Nel 1894 l'Ufficio d'Igiene viene fornito degli apparecchi necessari per effettuare l'esame chimico delle derrate alimentari.
L'anno dopo si provvede ad un « miglior sistema di lavatoi pubblici, con visioni in più truogoli, al fine di evitare la lavatura dei panni che, al presente, fa in comunione, col possibile danno di comunicare certe gravi malattie" ».
Viene aumentato, nel bilancio di previsione del 1898, lo stanziamento di spesa di £.1.423 per il mantenimento dei lebbrosi di Sanremo.
Nell'anno 1900 il Consiglio del 24 agosto approva l'inserimento nel Regolamento d'igiene, del seguente nuovo articolo: « Nel perimetro della Città, che si estende dal mare all'altezza del Santuario dell'Assunta, e dal torrente Val d'olivi al torrente Bernardo, è vietato di sbattere, per ispolverarli, i tappeti e gli altri oggetti d'arredamento delle locande, ville e case d'abitazione, tranne in quelle località che verranno di volta in volta designate dal Sindaco, sentito il parere, per iscritto, dell'Ufficiale sanitario ».
Agli inizi del nuovo secolo le condizioni della città potevano a ragione ritenersi molto migliorate. Le misure adottate dal consiglio, le sanzioni amministrative varate dalla giunta, le azioni del corpo di polizia urbana, nonché un'evoluzione delle abitudini igieniche dei sanremesi avevano fatto scomparire le immondizie anche dai cortili e dalle strade secondarie.
La Sanremo della Belle Époque era ormai una stazione turistica d'avanguardia, in cui lo "spazzamento" delle vie era in gran parte meccanicizzato e in cui il servizio di "annaffiamento" delle strade era puntuale ed efficiente, grazie alla quantità d'acqua potabile ora disponibile grazie al nuovo Acquedotto Marsaglia. Questo versante della questione igienica era stato insomma parzialmente risolto.

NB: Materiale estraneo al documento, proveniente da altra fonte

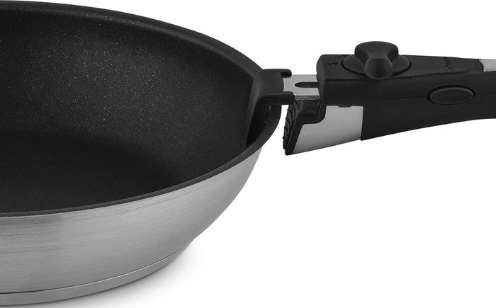 | Состав набора | - кастрюля без крышки 16 см (1,4 л), - кастрюля без крышки 20 см (2,8 л), - сковорода без крышки 26*5 см, - сковорода без крышки 28*5 см, - съемная ручка |

Diciamo parzialmente perché la parte salubre della città era solo quella formata dai quartieri residenziali periferici e dal centro direzionale della piana, mentre invece nella città "vecchia" le condizioni igieniche erano rimaste quelle di due decenni prima, con i suoi edifici malsani come nei suoi vicoli maleodoranti. Questa era la vera questione: i problemi non venivano presi in considerazione dalle amministrazioni che si succedevano, in funzione della loro gravità assoluta, ma solo in ragione del fatto che potevano recare danno allo sviluppo del turismo.
Circa la questione igienica era sempre attuale l'organizzazione del sistema sanitario per la prevenzione della malattie infettive. Successivamente alla metà del secolo in avanti, si misero a punto delle misure d'emergenza che sarebbero dovute entrare in vigore ogni qualvolta si fosse prodotto un allarme e ancora si elesse un ispettore sanitario addetto al controllo delle sostanze alimentari, si organizzò un servizio necroscopico, si riorganizzò il sistema sanitario e si creò un servizio sanitario notturno.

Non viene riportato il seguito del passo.